There’s much more motive for click fraud with contextual advertising than with search advertising, because revenue is shared between the site displaying advertising and the ad platform. Recently we’ve encountered a novel approach to Content Network click fraud worthy of your attention.
As a preface, know that Google uses many tools and data points to check for and eliminate click fraud. While we’re highlighting an unusual fraud tactic we’ve seen recently, we do not mean to suggest that fraud is the norm. It undeniably exists, but ROI on the Content Network undeniably exists as well in our experience.
How This Fraud Tactic Works: Ad Substitution
The “ad substitution” click fraud approach is a novel approach to click fraud because fraudulent sites are harnessing unsuspecting everyday people without a fraud motive to click on ads charged to you, as opposed to the normal primary methods for carrying out click fraud attacks – using clickbot programs or hijacked botnet computers, farms of individuals paid to click on ads, or pyramid scheme incentives.
Here’s how it works: You post an ad on the Content Network to get attention for your product, service, or information. The fraud site uses a hack to change the ad that’s displayed to something that’s much more clickable (and perhaps R-rated as well) but unrelated to your business. Unsuspecting traffic clicks on the irresistible ad, charging your account on a CPC basis. Increased AdSense traffic still goes to your site, but the the odds of that traffic being interested in your product is greatly diminished because your ad is no longer filtering for interested parties.
How To Check Your AdWords Display Ad or Content Campaign For Ad Substitution Click Fraud
Run your placement report in the AdWords report center and review the top sites receiving your Content ad spend. Highlight where your CPA is unusually high or where there’s significant spend and zero conversions. (This much you should be doing on a regular basis already to keep your Content campaign optimized.)
Now, go the extra step to call up the sites that are performing poorly, and find your advertisement. If you don’t see your ad, but you do see something suspicious, do some click fraud detective work and see where suspicious images and ads lead to. You may be surprised to find that they do go to your landing page. If that’s the case, contact your AdWords rep and report the situation. Not only will you likely get a refund, that fraudulent advertiser will at minimum have to change sites and AdSense accounts.
By Rob Sieracki
Director of Paid Search
http://www.google.com/adwords/adtrafficquality/ and http://googleblog.blogspot.com/2008/03/using-data-to-help-prevent-fraud.html
This Post Has 5 Comments
Thanks a lot. This is valuable, usefull, practicle information.

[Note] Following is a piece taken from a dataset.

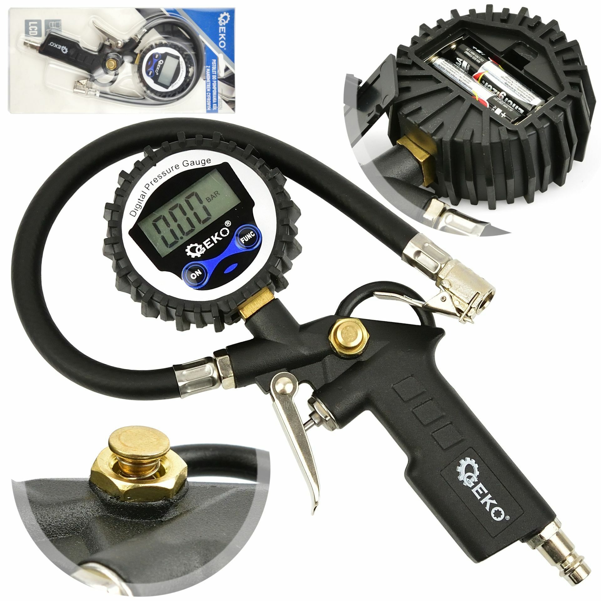 Profesionální pneumatickou pistoli značky GEKO využijete pro huštění kol u osobních a nákladních automobilů. Je vybavená tlakoměrem s velkým, dobře čitelným LCD displejem a 30 cm dlouhou hadicí. Displej před otřesy a nárazy chrání gumový kryt. Měřit můžete ve čtyřech jednotkách - PSI, bar, kPa, kg/cm2.
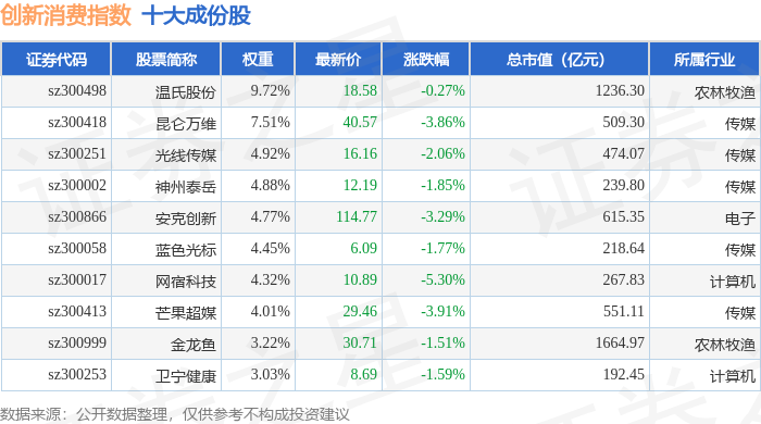 创新消费(970041)指数十大成份股详情如下:

Ahh, the power of the Placement Performance Report! This goes to show that Google gives you the needed resources to make the content network profitable. At the same time, they allow you to control where your ads show, how much you pay for a given click, and the ROI related to a give placement!
Hi Glenn, hadn’t heard of this one before, thanks for sharing.
Sorry, I do not get it yet (neither from the blog article nor from the MP3). Please help me to understand.
My ad is supposed to be shown on a foreign site. The owner of this site makes the fraud by substituting or overlaying my ad by something else, nevertheless I have to pay for the clicks on that place where my ad should have shown. So far correct?
“Unsuspecting traffic clicks on the irresistible ad” – and then? they go where? To my site? Why should they if they do no longer see my link? Obviously you tell they are going to my landing page?
What is the interest of the fraudulent site owner, when they do not send the traffic somewhere else (e. g. to his own landing page?)
Thanks in advance to explain, I do not seem to be good in getting into “criminal minds”.
Thanks for the information. I will keep a closer eye on my Content Ads.